While there aren’t any fans to cook for right now, Chef Park is hard at work cooking for the players on game days. But COVID-19 has changed the way the players are fed.
“Everything has to be individually packaged. So if I’m doing a teriyaki chicken with fried brown rice and some vegetables, each component has to go into its own individually packaged container,” he said. “The players get tested for COVID-19 every two days, if not every day, but with that we want to make sure that the players aren’t opening up the plastic containers, looking at it, closing it, putting it back. So it’s a clear top plastic container so they can see it. That way there’s no potential for cross-contamination. We feel it’s just safer.”
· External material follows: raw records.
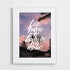【現代アートポスター】ハワイ 風景景色 ヤシの木 夕焼け カリグラフィー A4(S) フレームセット:白 29.4×38.4cm
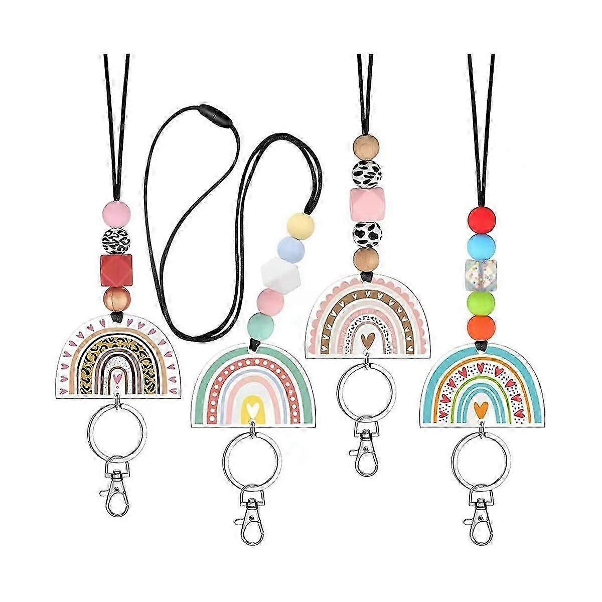 Teacher Lanyards for ID Badges and Keys Cute Beaded Lanyards with Keychain Silicone Beaded Keychain
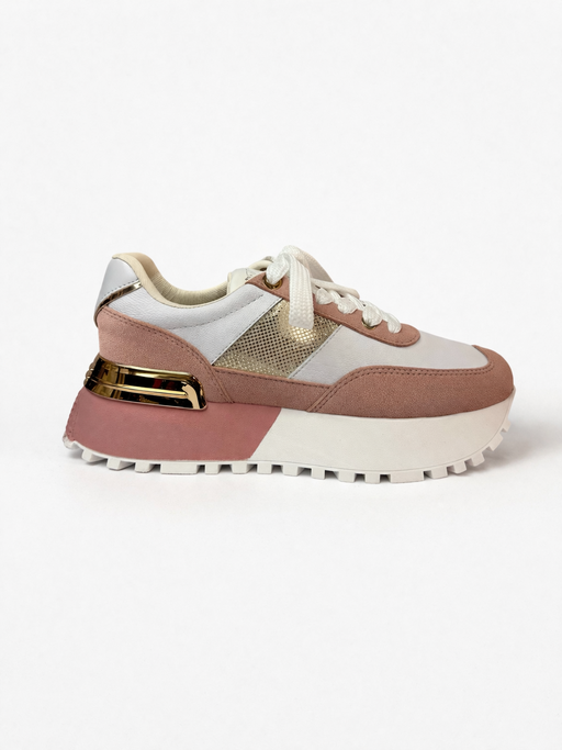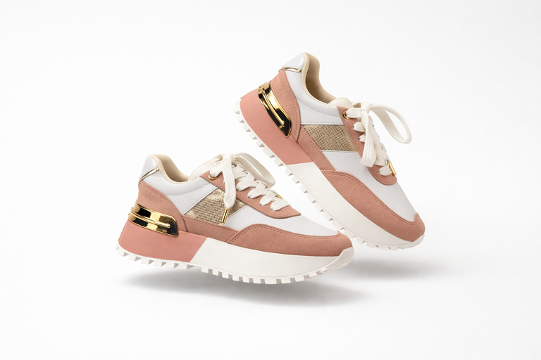 La plataforma con acento metálico eleva el diseño, mientras su construcción cómoda la convierte en una pieza ideal para el día a día con un toque refinado.
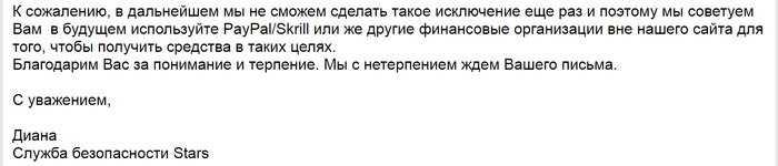 Я это к тому, что может ТСу сделать стрим (при этом не обязательно что-то говорить, если стесняется, может просто музычку какую нибудь включить с чёрным экраном, например), желающие донатят кому как удобно (скрилы, киви, сберы и т п) а потом ТС эти донаты вывдит к себе на плятёжку, которая ему удобна.
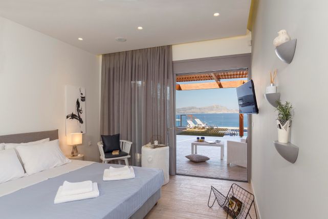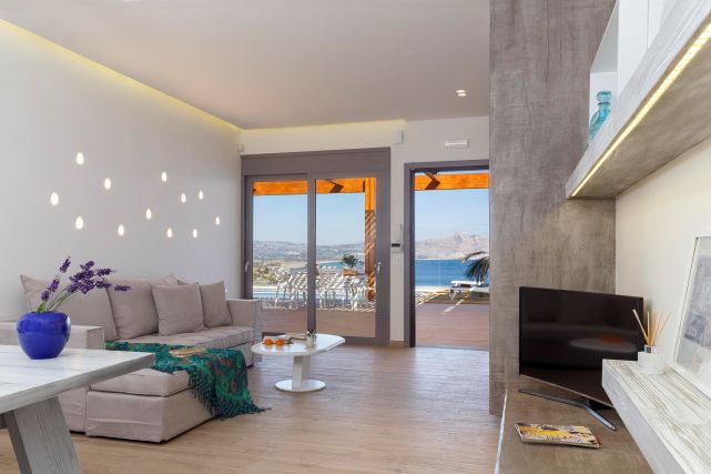 Die Villa Lindia Athena für sechs Personen verfügt über ein Wohnzimmer, das hell und komfortabel eingerichtet ist, mit einer Sitzecke, einem Sofa und einem Fernseher. Dank der großen Flügeltüren gelangen Sie direkt nach draußen, wodurch Innen- und Außenbereich harmonisch ineinander übergehen. Klimaanlage und WLAN sorgen dafür, dass es Ihnen an nichts fehlt.

Before cooking at T-Mobile Park, Chef Park was an executive sous chef at CenturyLink Field with the Seahawks, and executive sous chef for Oracle Arena and the Golden State Warriors. Having cooked for a variety of athletes in a variety of sports, I wondered what the similarities and differences were.
“Tennis players were by far the healthiest that I’ve fed,” he said. “I was the executive chef for Palm Springs Indian Wells for the Paribas Open down there and these guys were straight green kale smoothies every day. No sugar in their diets. These are, legit, the healthiest people I’ve ever met in my life!”